■ WORK TO COMPLETE: Your answer should consist of the lines below that hold the word "Nuestra".

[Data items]
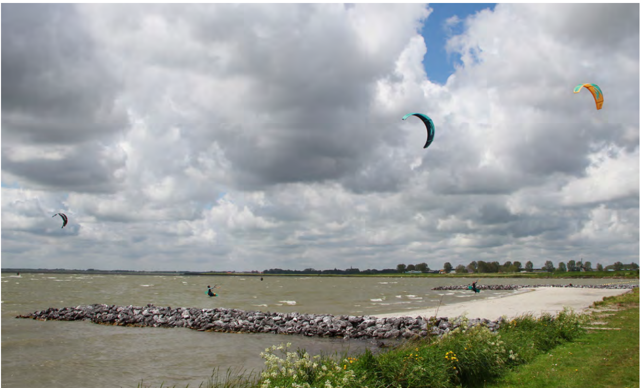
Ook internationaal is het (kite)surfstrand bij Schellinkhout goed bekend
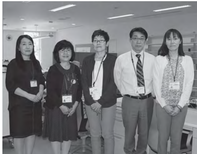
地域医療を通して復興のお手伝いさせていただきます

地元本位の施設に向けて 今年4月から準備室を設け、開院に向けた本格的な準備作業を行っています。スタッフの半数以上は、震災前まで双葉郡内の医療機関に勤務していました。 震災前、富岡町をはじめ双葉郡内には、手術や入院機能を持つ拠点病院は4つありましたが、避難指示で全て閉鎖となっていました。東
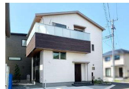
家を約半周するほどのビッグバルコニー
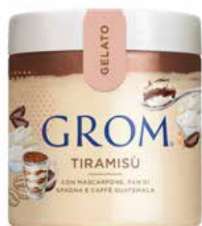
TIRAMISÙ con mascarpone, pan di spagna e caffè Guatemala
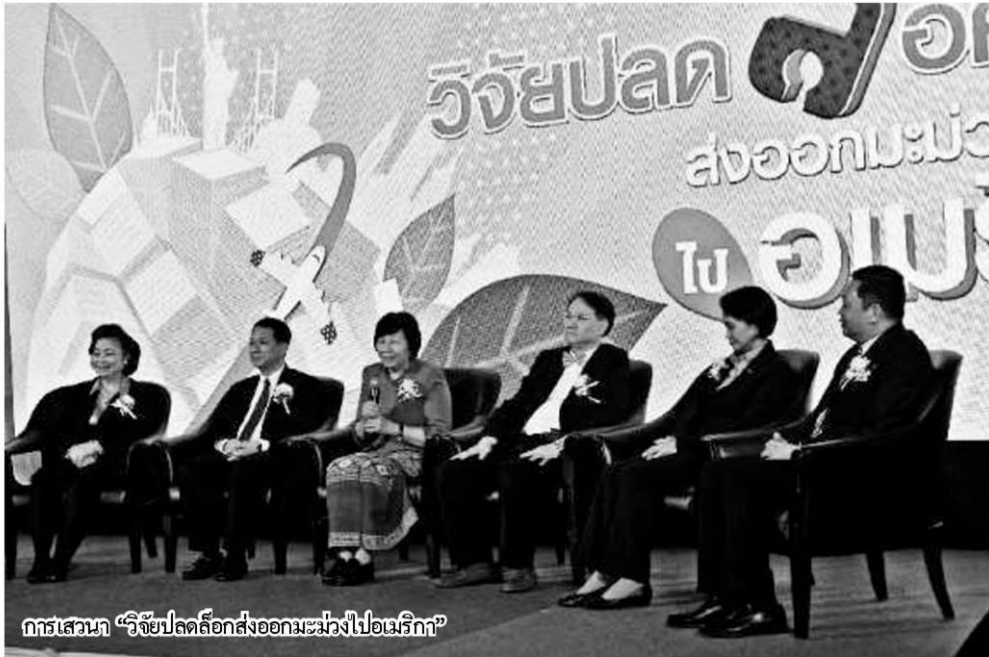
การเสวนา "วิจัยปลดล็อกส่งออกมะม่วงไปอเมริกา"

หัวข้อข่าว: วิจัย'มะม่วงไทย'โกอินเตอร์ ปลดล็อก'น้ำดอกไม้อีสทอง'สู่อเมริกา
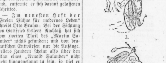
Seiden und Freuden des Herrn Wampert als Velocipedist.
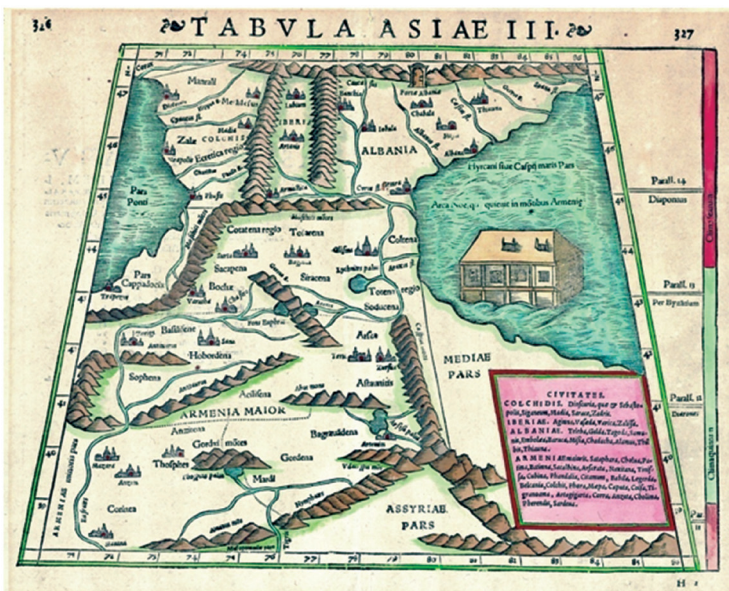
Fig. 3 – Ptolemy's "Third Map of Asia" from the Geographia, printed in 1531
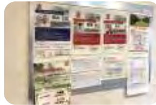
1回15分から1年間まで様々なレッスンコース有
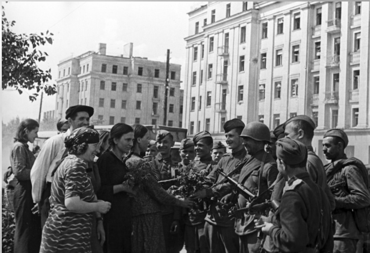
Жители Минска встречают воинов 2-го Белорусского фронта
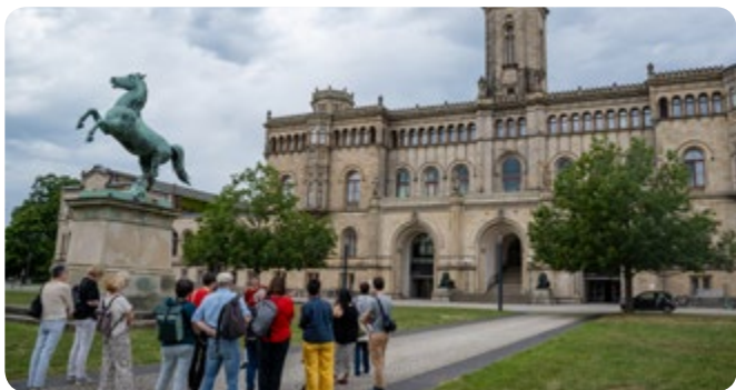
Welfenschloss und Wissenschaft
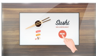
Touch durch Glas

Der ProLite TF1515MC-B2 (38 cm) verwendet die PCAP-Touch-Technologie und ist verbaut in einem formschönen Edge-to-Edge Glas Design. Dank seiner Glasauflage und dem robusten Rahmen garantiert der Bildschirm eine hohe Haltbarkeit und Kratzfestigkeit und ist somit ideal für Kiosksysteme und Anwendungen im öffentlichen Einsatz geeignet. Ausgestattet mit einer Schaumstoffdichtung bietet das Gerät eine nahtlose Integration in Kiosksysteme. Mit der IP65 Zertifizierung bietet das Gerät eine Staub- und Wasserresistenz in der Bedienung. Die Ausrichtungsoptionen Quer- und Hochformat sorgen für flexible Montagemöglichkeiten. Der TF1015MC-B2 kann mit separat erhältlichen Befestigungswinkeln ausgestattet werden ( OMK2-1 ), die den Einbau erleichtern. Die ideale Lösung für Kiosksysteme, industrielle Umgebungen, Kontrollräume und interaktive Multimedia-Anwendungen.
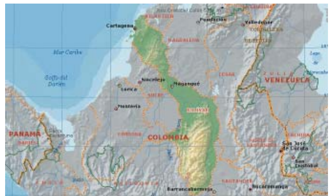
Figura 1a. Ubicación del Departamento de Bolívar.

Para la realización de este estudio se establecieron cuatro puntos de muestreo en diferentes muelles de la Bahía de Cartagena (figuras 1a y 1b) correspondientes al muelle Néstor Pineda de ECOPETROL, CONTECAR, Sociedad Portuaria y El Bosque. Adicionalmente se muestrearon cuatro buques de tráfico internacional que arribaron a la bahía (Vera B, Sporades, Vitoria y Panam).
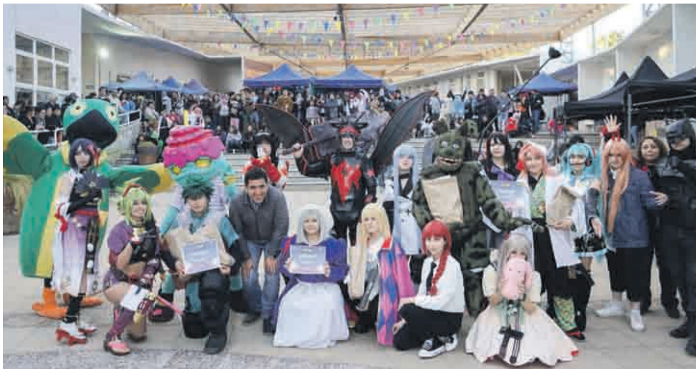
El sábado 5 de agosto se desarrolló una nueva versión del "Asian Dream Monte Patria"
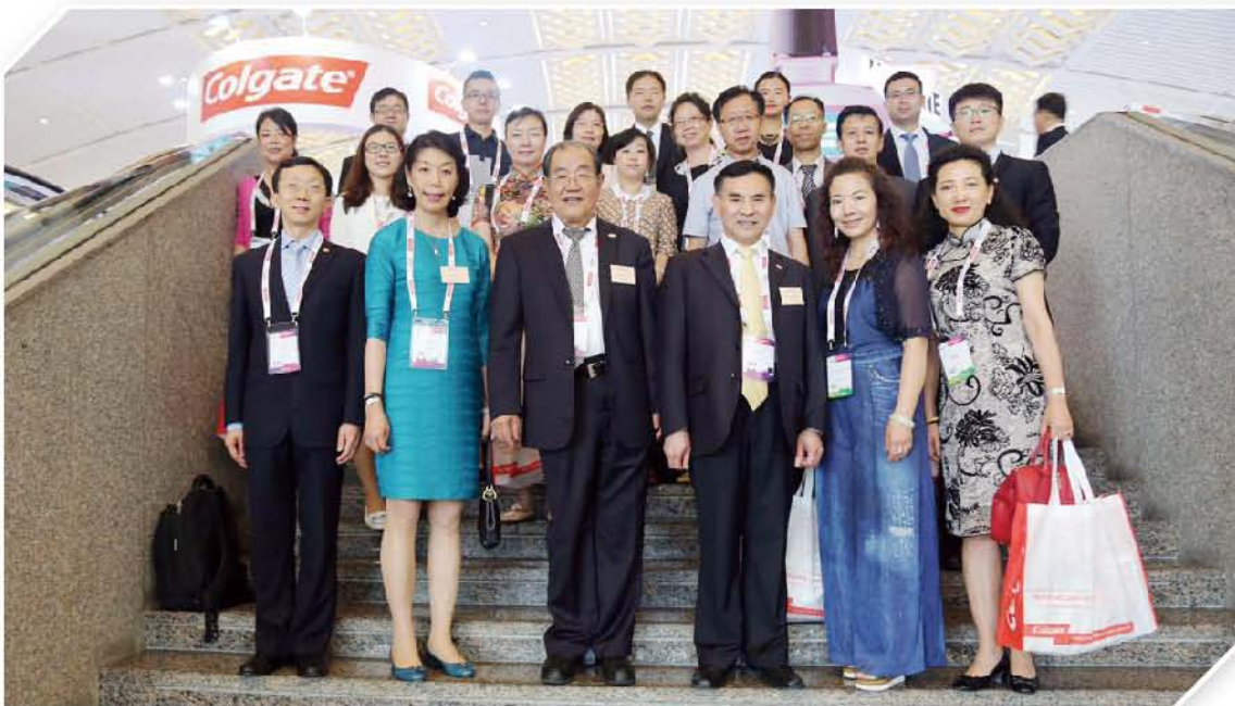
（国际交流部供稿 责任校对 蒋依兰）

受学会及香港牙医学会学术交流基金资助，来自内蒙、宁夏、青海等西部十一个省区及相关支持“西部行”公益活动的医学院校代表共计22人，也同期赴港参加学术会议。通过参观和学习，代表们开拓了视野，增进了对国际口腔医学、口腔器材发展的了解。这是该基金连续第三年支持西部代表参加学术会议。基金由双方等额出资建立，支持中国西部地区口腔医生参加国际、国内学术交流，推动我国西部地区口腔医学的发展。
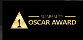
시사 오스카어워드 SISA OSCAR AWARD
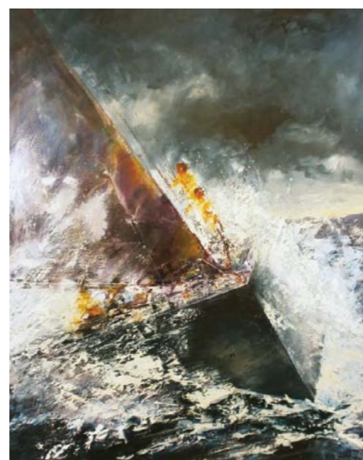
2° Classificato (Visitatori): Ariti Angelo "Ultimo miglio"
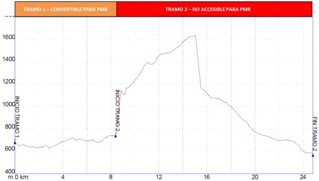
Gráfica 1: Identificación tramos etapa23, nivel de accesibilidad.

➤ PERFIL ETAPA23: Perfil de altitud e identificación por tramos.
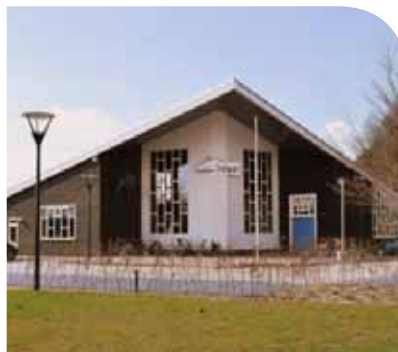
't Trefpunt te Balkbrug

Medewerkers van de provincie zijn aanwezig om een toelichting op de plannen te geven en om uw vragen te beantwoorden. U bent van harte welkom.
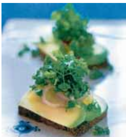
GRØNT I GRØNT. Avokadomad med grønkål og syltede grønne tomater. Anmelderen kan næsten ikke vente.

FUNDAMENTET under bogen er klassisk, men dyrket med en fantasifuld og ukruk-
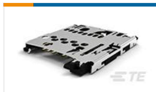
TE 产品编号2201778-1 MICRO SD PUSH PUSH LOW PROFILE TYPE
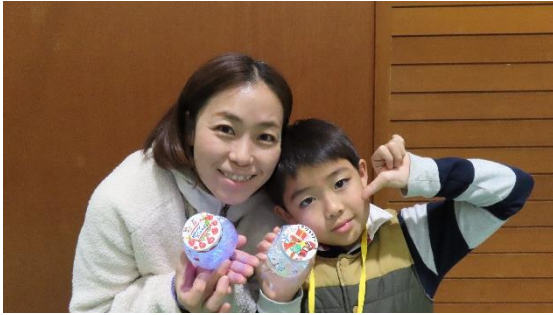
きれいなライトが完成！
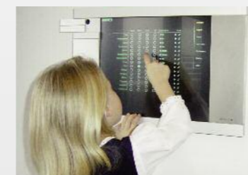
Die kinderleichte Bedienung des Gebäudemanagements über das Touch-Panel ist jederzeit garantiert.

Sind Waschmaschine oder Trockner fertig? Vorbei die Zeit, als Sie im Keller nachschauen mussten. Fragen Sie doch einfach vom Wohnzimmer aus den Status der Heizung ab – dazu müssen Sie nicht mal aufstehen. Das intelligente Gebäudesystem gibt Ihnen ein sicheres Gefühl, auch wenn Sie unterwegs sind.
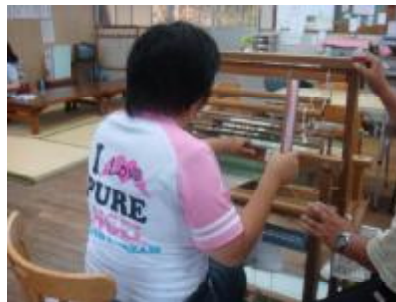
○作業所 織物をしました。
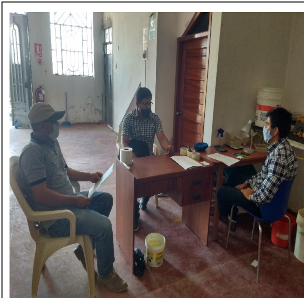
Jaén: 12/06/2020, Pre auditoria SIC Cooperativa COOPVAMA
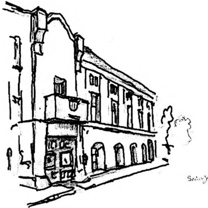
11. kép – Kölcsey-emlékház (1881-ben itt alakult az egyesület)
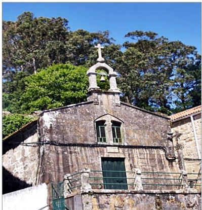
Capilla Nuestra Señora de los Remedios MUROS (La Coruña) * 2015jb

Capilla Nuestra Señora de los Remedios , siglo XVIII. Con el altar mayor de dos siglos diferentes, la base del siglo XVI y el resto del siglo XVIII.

■ YOUR RESPONSE:
Capilla Nuestra Señora de los Remedios MUROS (La Coruña) * 2015jb
Capilla Nuestra Señora de los Remedios , siglo XVIII. Con el altar mayor de dos siglos diferentes, la base del siglo XVI y el resto del siglo XVIII.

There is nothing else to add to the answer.